:: TO DO ::
Only the pictures should be left out; write out all other data exactly.

:: DATA SECTION ::
BEGIN
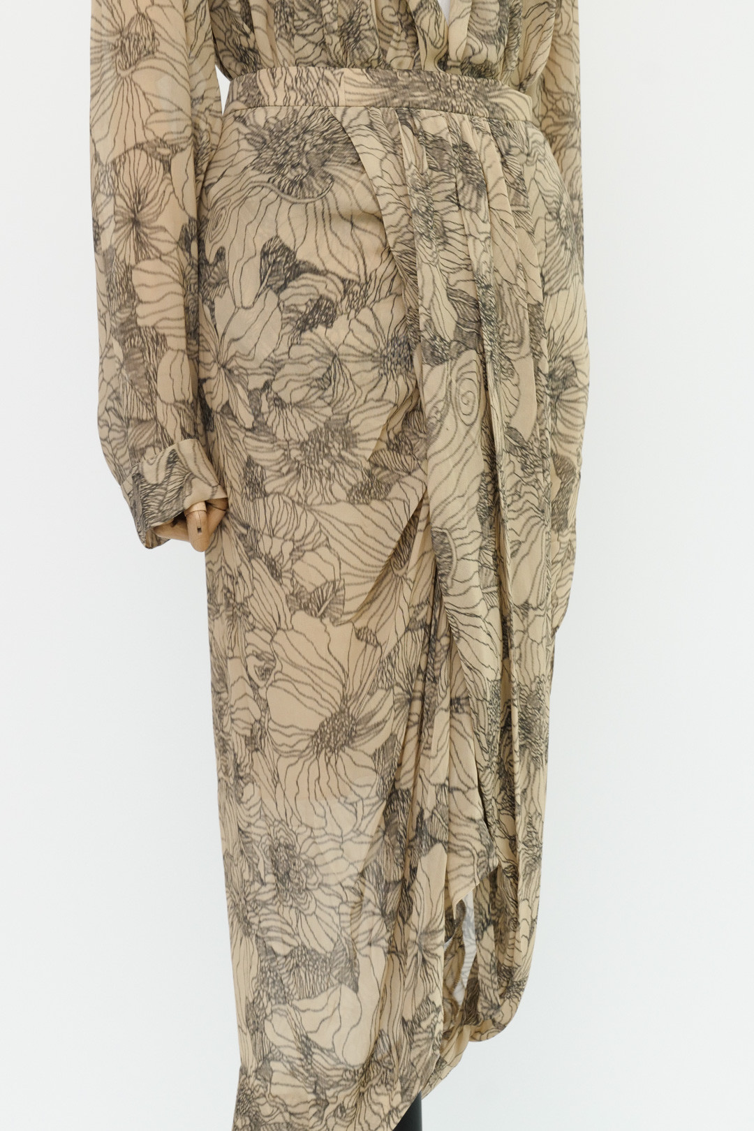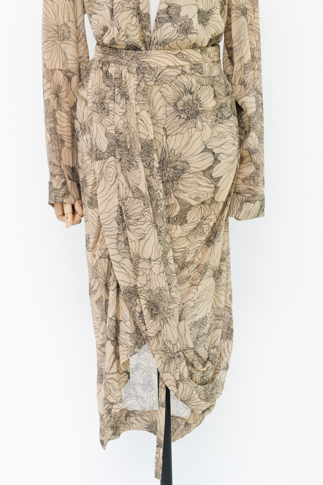 Draped floral-print chiffon skirt from DRIES VAN NOTEN. Featuring concealed zip fastening along side, non-stretchy fabric, lightweight fabric.
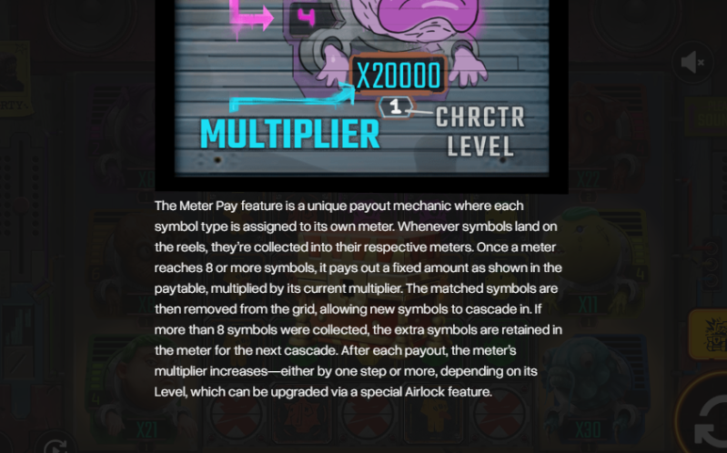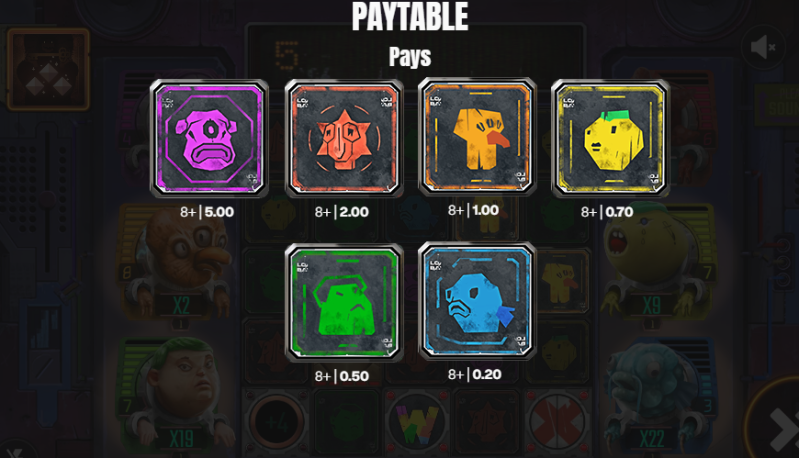 The paytable is based on symbol clusters, and as more of the same symbol lands, your winnings increase accordingly. Six-of-a-kind might earn you 0.4x–2x your stake, while massive 20+ clusters dish out 2x–20x.
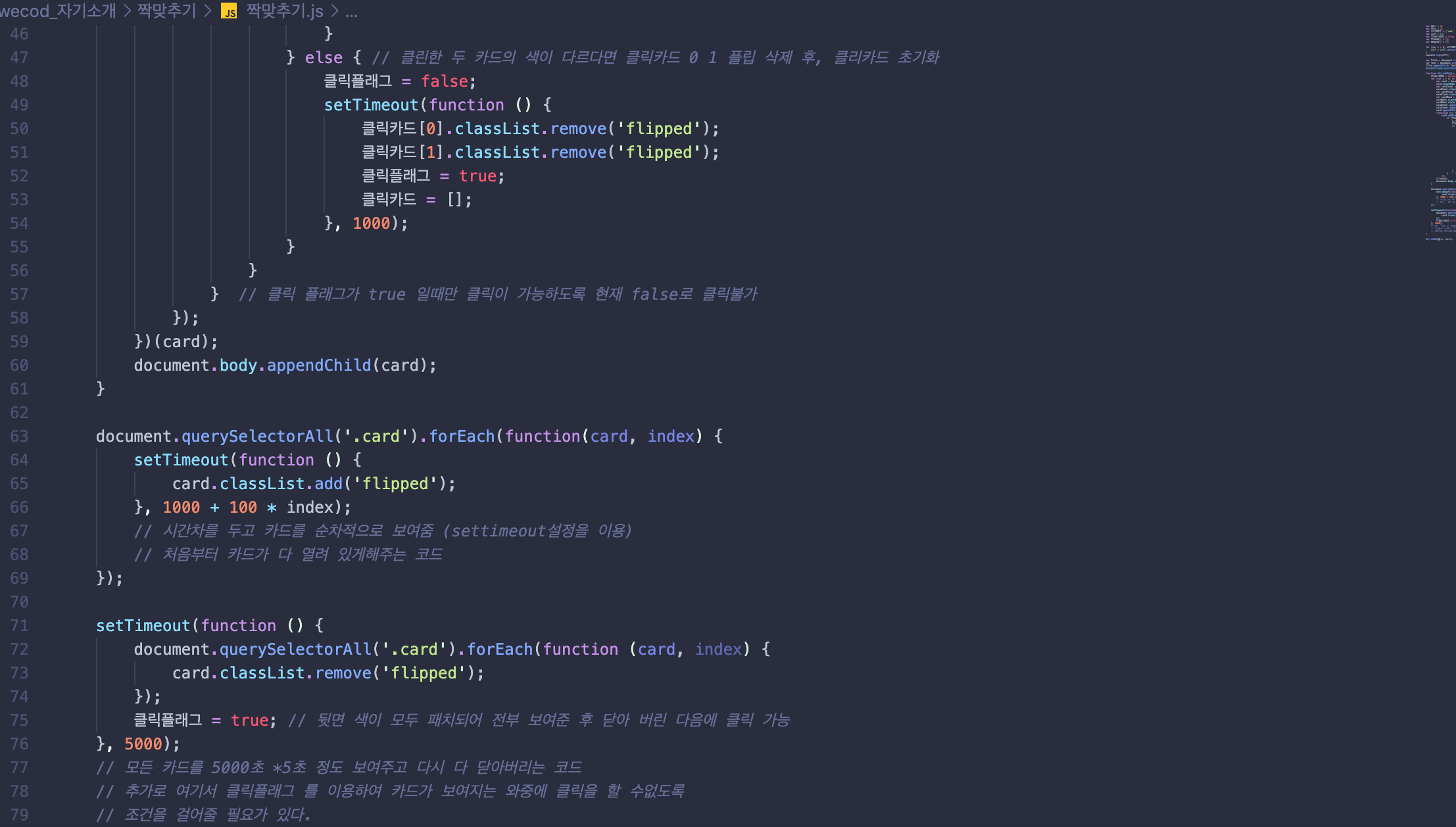 클릭플래그 = true; // 뒷면 색이 모두 패치되어 전부 보여준 후 닫아 버린 다음에 클릭 가능
END
:: TASK SOLUTION ::
 Draped floral-print chiffon skirt from DRIES VAN NOTEN. Featuring concealed zip fastening along side, non-stretchy fabric, lightweight fabric.
 The paytable is based on symbol clusters, and as more of the same symbol lands, your winnings increase accordingly. Six-of-a-kind might earn you 0.4x–2x your stake, while massive 20+ clusters dish out 2x–20x.
 클릭플래그 = true; // 뒷면 색이 모두 패치되어 전부 보여준 후 닫아 버린 다음에 클릭 가능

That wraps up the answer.